WORK ITEM: Print all the data that follows exactly, images excluded.

SOURCE DATA:
==*==
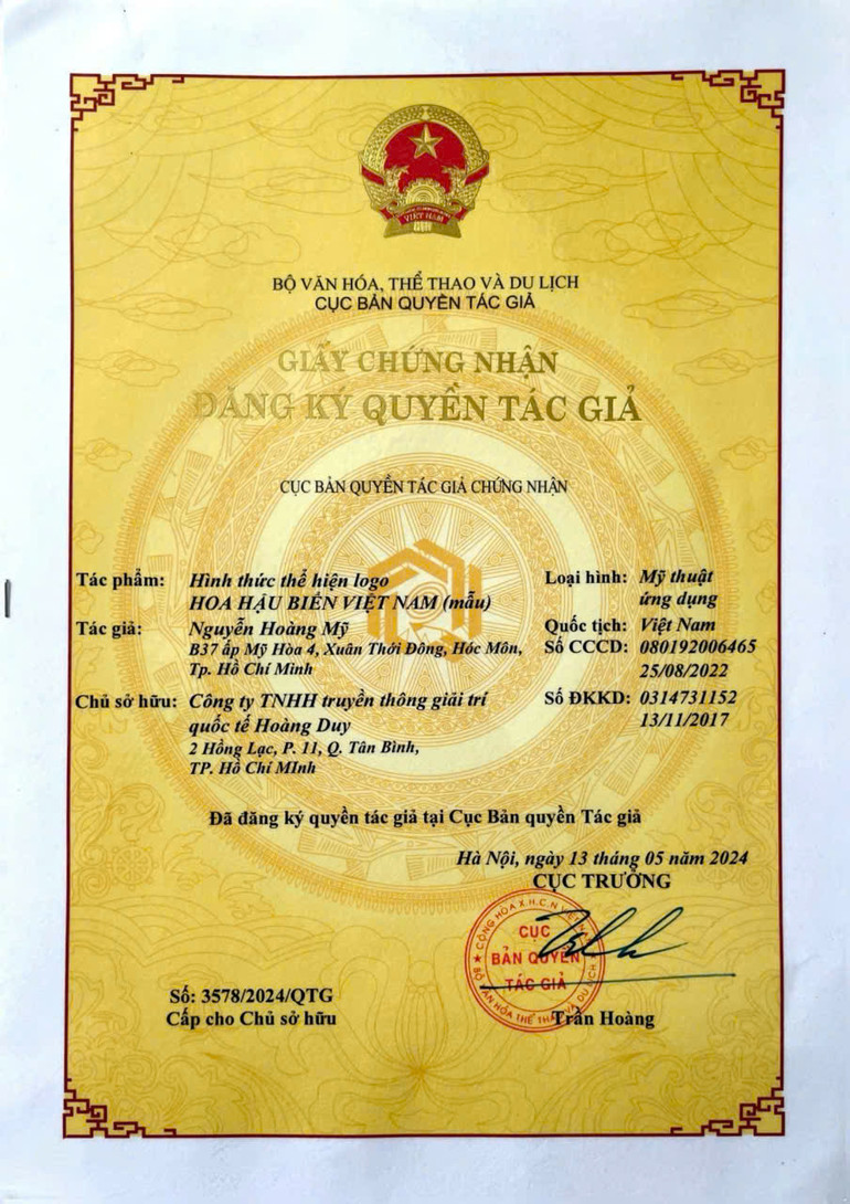 Ở góc độ bản quyền tác giả, logo “Hoa hậu Biển Việt Nam 2024” do Công ty Hoàng Duy sáng tạo và đăng ký bảo hộ dưới dạng tác phẩm mỹ thuật ứng dụng và được Cục Bản quyền tác giả (Bộ Văn hóa, Thể thao và Du lịch) cấp giấy chứng nhận đăng ký quyền tác giả số 3578/2024/QTG vào ngày 13/5/2024.
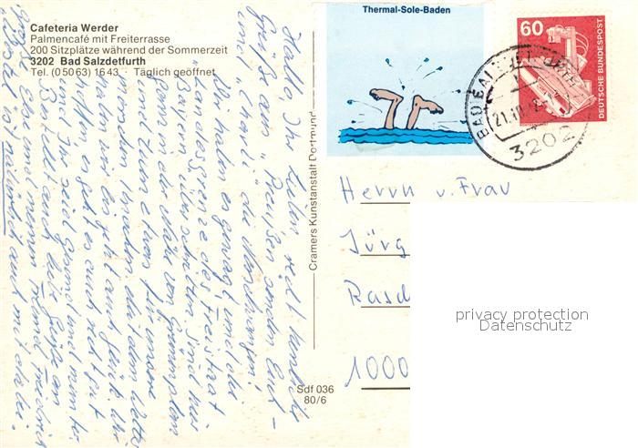 73229514 alte Postkarte Bad Salzdetfurth Cafeteria Werder postalisch gelaufen Erhaltung siehe scans [NatalD47] KatCode: 11110003254005
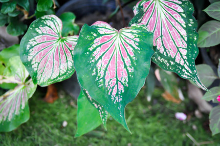 Caladium ,Caladium ThaiBeauty or Caladium bicolor or Araceae or pink leaf or pink and green leaf
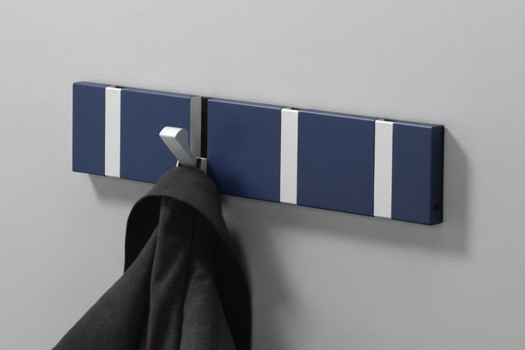 D'une couleur riche et royale, les portemanteaux saphir de KNAX ajoutent une note de sophistication à n'importe quel espace. Accrochez manteaux, clés et sacs à main sur les crochets rabattables solides et durables pour garder votre chambre ou votre couloir propre et ordonné. Disponible avec 2 à 10 patères rétractables en noir ou en aluminium (argent/gris).
==*==
RESPONSE FOR THIS EXERCISE:
 Ở góc độ bản quyền tác giả, logo “Hoa hậu Biển Việt Nam 2024” do Công ty Hoàng Duy sáng tạo và đăng ký bảo hộ dưới dạng tác phẩm mỹ thuật ứng dụng và được Cục Bản quyền tác giả (Bộ Văn hóa, Thể thao và Du lịch) cấp giấy chứng nhận đăng ký quyền tác giả số 3578/2024/QTG vào ngày 13/5/2024.
 73229514 alte Postkarte Bad Salzdetfurth Cafeteria Werder postalisch gelaufen Erhaltung siehe scans [NatalD47] KatCode: 11110003254005
 Caladium ,Caladium ThaiBeauty or Caladium bicolor or Araceae or pink leaf or pink and green leaf
 D'une couleur riche et royale, les portemanteaux saphir de KNAX ajoutent une note de sophistication à n'importe quel espace. Accrochez manteaux, clés et sacs à main sur les crochets rabattables solides et durables pour garder votre chambre ou votre couloir propre et ordonné. Disponible avec 2 à 10 patères rétractables en noir ou en aluminium (argent/gris).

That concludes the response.